The good loop and the bad loop:

When a student has built genuine domain expertise, AI removes the mechanical friction - and what’s left is the thinking.

A student researching a complex topic used to spend hours on tasks that required time but not judgment: finding sources, skimming for relevance, pulling together summaries. AI handles that now. What the student is left with is the actual hard part: reading what came back, deciding what matters, asking what’s missing, noticing what conflicts, forming a view.

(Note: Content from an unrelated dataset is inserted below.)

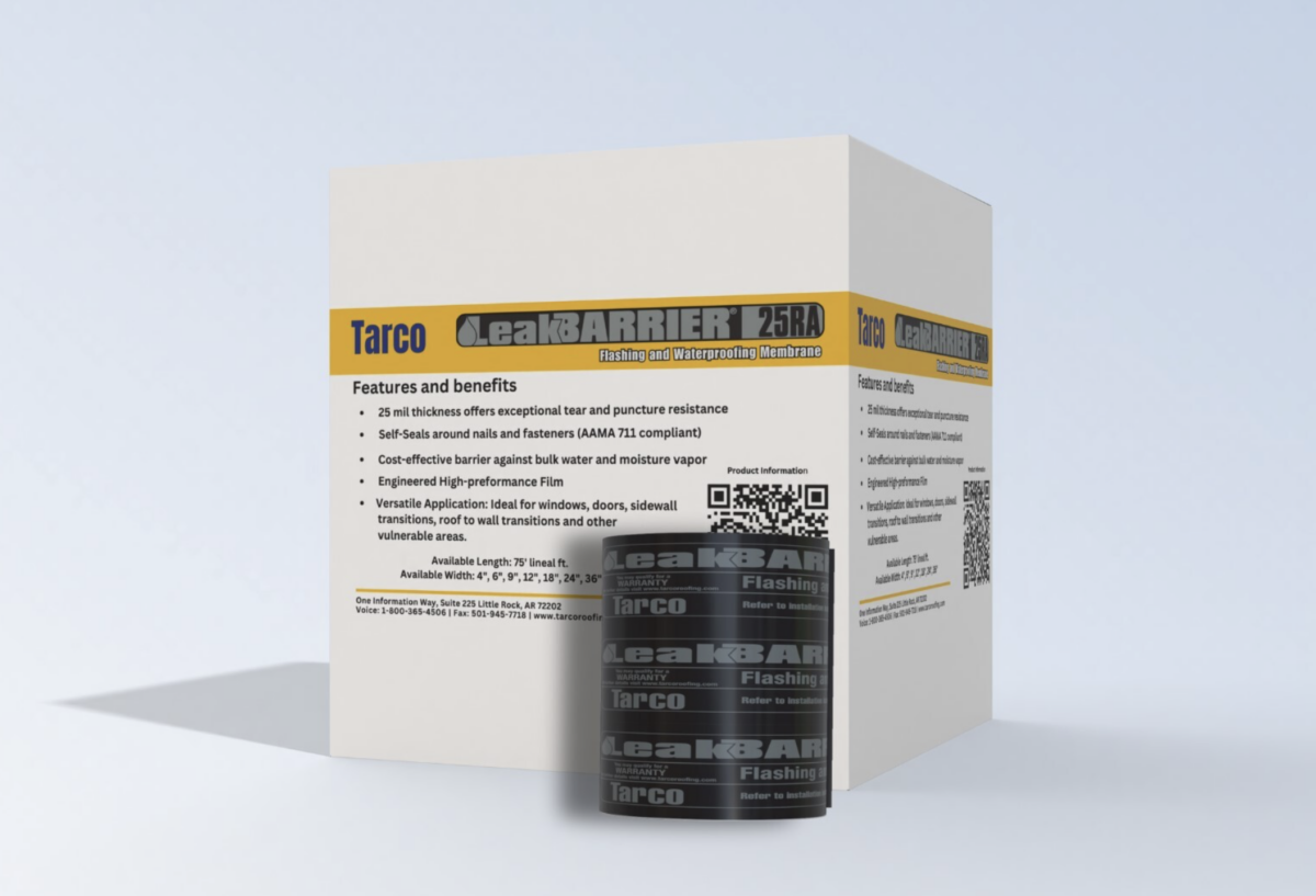 Tarco’s LeakBarrier 25RA is a cost-effective, durable, and premium-grade SBS self-adhered flashing membrane that is specially engineered for superior performance in both vertical and sloped applications. This product offers exceptional tear and puncture resistance, offering a robust defense against the harshest elements. www.tarcoroofing.com

That is not easier. It is more demanding. And it builds more, faster - because the student is spending their cognitive effort on judgment and synthesis instead of search and retrieval.

The prerequisite is not domain expertise. It is engagement. AI can build expertise from scratch - if the student actually follows through.

Ask a question. AI scans and synthesizes with citations. Student reads the synthesis - and follows the citations. Forms a view. Asks the next question. That process builds understanding. The AI is the on-ramp, not the destination.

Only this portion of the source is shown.